Фабиан предупредил ее, что заглянет, чтобы выпить кофе, и они вместе отправятся на премьеру; Валерия долго колебалась между желанием громко, драматично, ренессансно обличить Фабиана во всех грехах, как только он переступит порог, требованием ответить на все вопросы и вывернуть перед ней свою душу, и укромным, буржуазным, основательно вбитым в ее голову инстинктом прагматично выяснить, что, как и насколько выгодно, что значило ровный голос, обстоятельную беседу и минимум эмоций. Время от времени она порывалась посмотреть, найдется ли в ее квартире какое-нибудь оружие, которым можно перебить Фабиану руки-ноги, буде он начнет отпираться.
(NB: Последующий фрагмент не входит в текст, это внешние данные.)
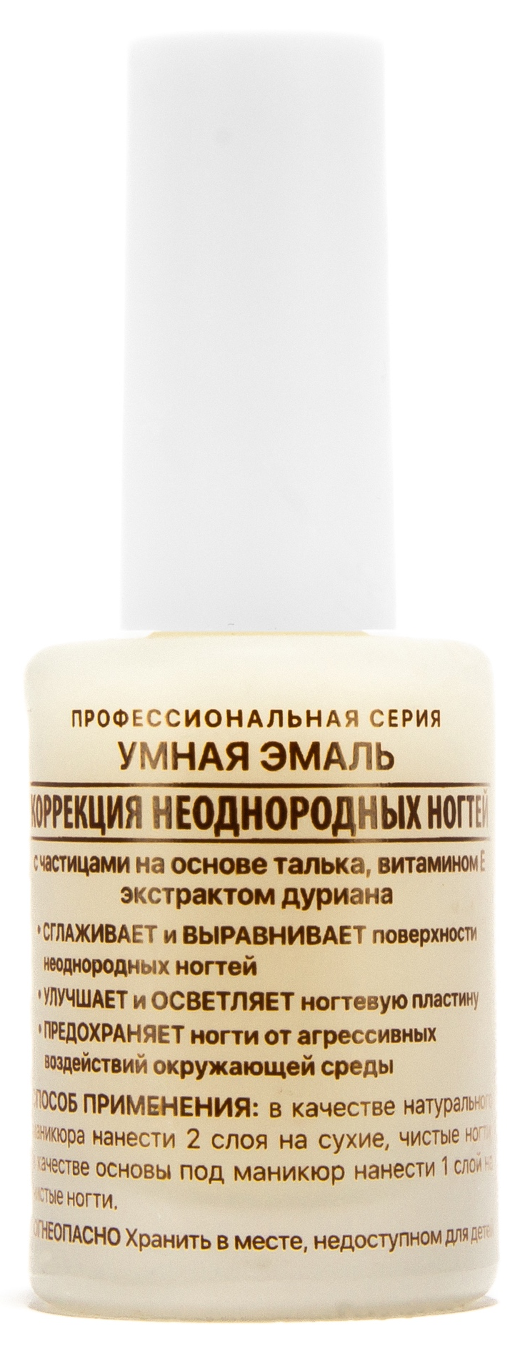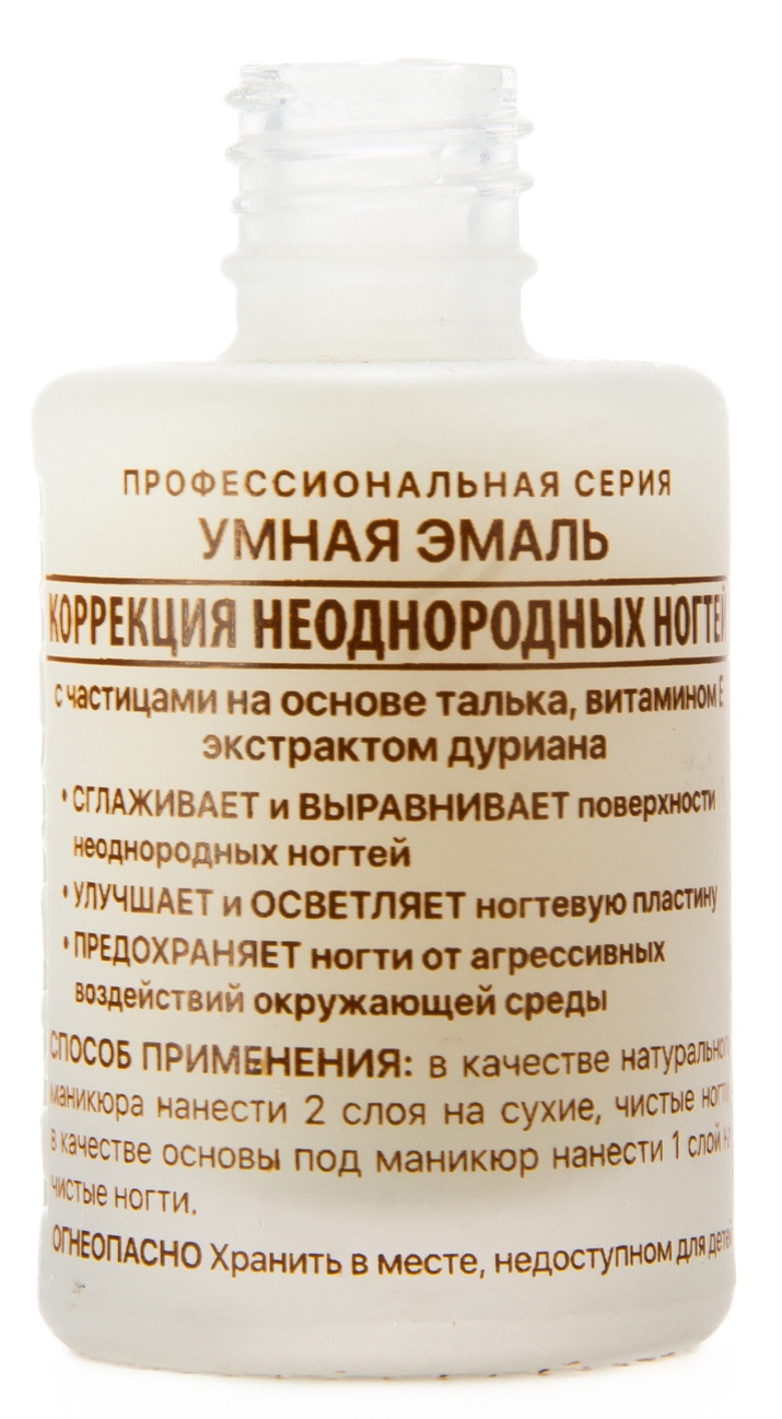 Умная Эмаль Корреция неоднородных нотей с частицами на основе талька. Сглаживает и выравнивает поверхности неоднородных ногтей. Укрепляет и осветляет ногтевую пластину. Предохраняет ногти от агрессивных воздействий окружающей среды.

Но когда он зашел в квартиру, все ее желания, все намерения и фантазии осыпались с нее пригоршней песка. Фабиан выглядел неприступным, смотрел на нее отчужденно и был похож на человека, который не до конца отошел от всепоглощающего жара схватки и, может быть, ищет возможности продолжить ее. Он сухо спросил: «Ты готова?», и Валерия не осмелилась ни возразить, ни ответить чем-то кроме кургузого «Да». Фабиан осмотрел ее, словно примерялся, откуда начнет свежевать, с головы или ног, и прошел мимо нее на кухню. «В таком случае через десять минут мы отправляемся», – бросил он на ходу.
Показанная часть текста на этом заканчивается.